Deployment Descriptors

Deployment descriptors are the configuration files that define what gets provisioned in your Datafye environment. They're written in YAML or JSON and tell Datafye exactly what data sources, algos, and broker connections you need.

Think of descriptors as declarative specifications — you describe what you want, and Datafye provisions it. This approach ensures reproducible deployments and makes it easy to version control your infrastructure configuration.
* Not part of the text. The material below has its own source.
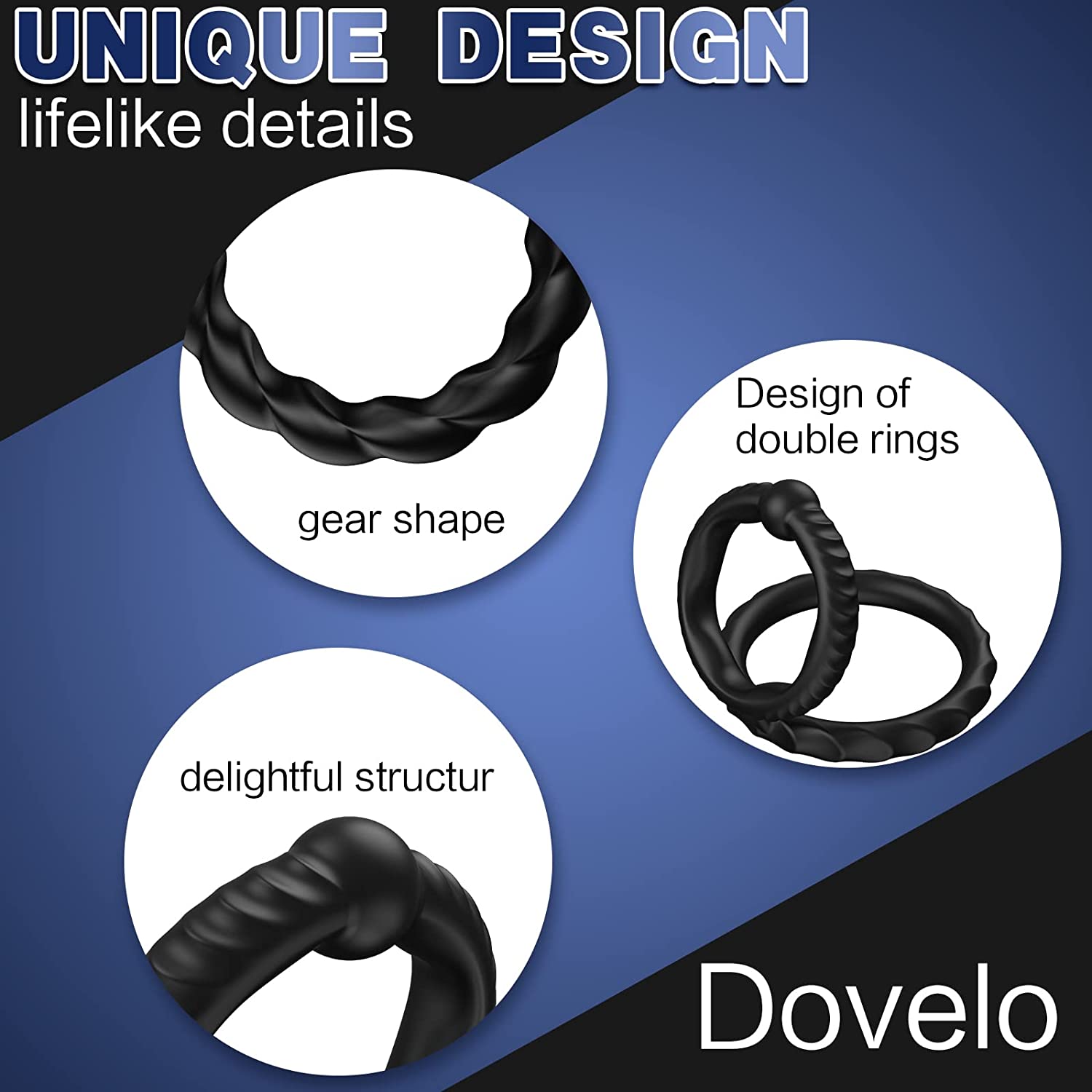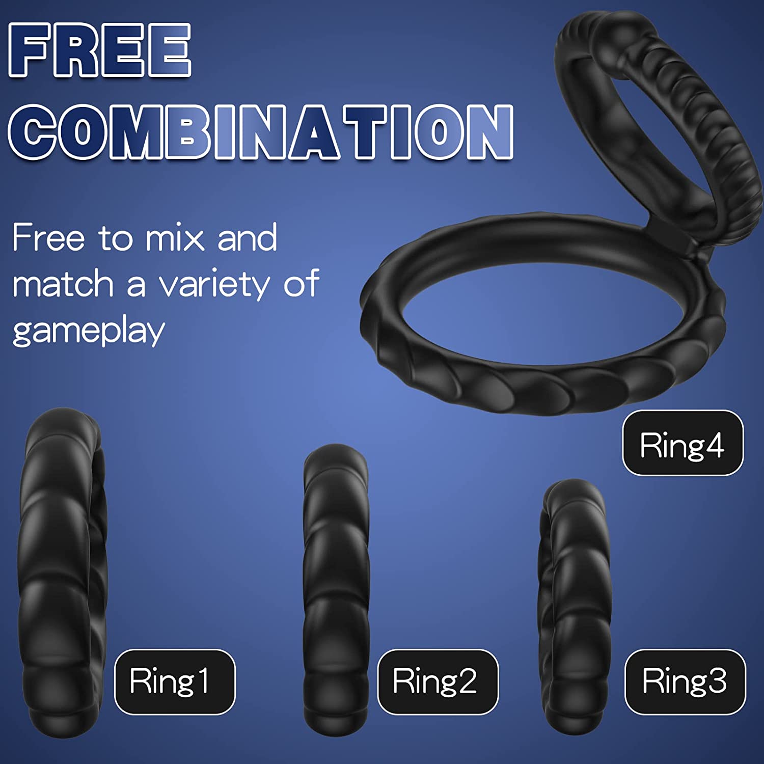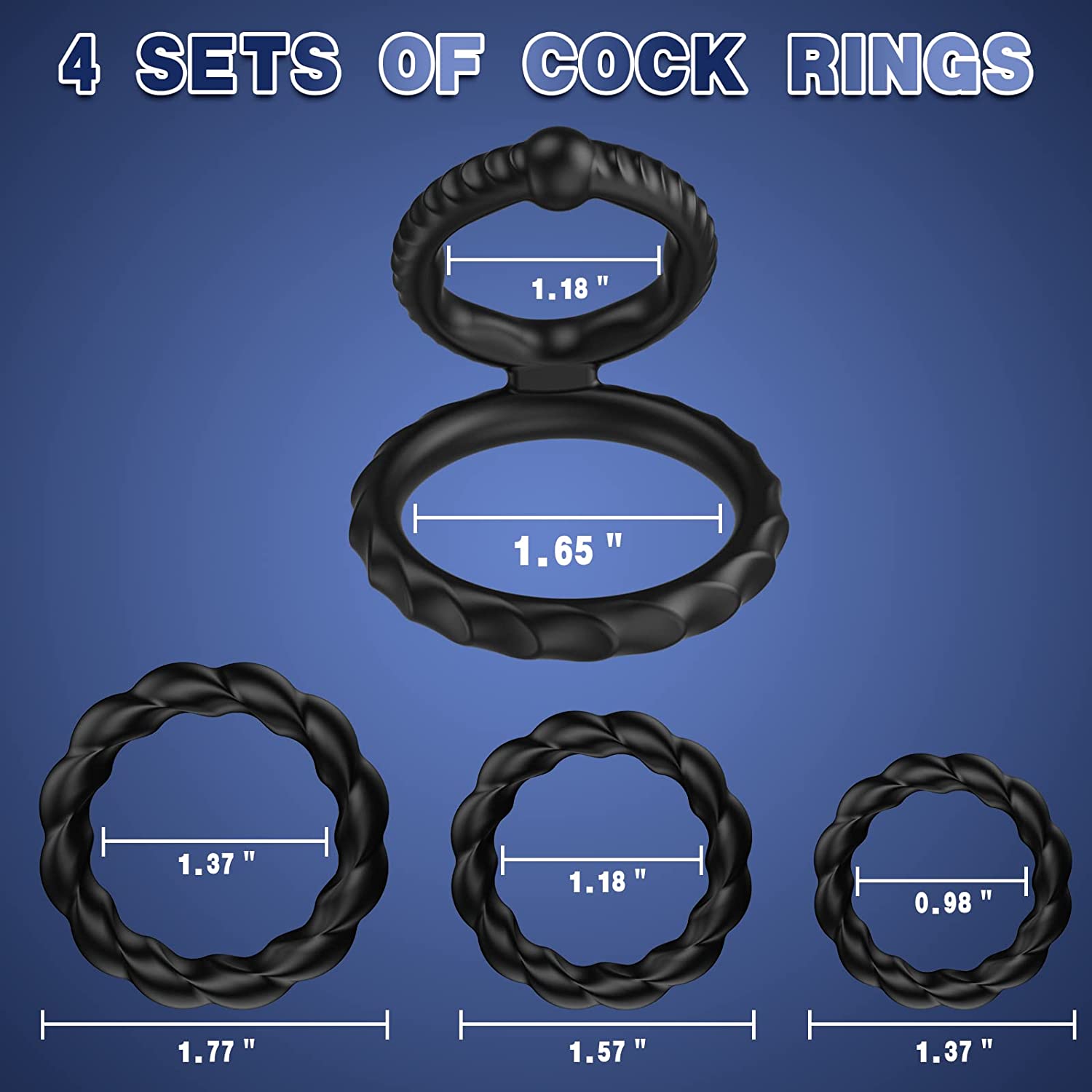 Dovelo Silicone Penis Rings 4 Piece Set, 3 Individual Ring Penis Rings in Different Sizes, 1 Dual Ring, Men's Advanced Training Penis Ring

Ready to provision? The Datafye CLI reads your descriptors and provisions your environment. See Private Cloud Deployments to understand deployment models.

Why Descriptors?

Declarative Configuration

Rather than clicking through UI screens or running multiple commands, you write a descriptor that specifies:

  • What market data you need

  • What algos you want to run

  • How to connect to your broker

  • What resources to allocate

Datafye reads the descriptor and provisions everything accordingly.

Version Control

Since descriptors are text files, you can:

  • Track changes in git

  • Review differences between versions

  • Roll back to previous configurations

  • Share configurations with team members

This is standard practice in modern infrastructure management (Infrastructure as Code).

Reproducibility

Descriptors ensure that:

  • Development and production environments match

  • Team members can provision identical environments

  • Configurations can be replicated across regions or cloud providers

  • Environments can be torn down and recreated consistently

Validation

Datafye validates descriptors before provisioning, catching errors like:

  • Missing required fields

  • Invalid values or formats

  • Incompatible combinations

  • Resource constraint violations

This prevents deployment failures and ensures correct configurations.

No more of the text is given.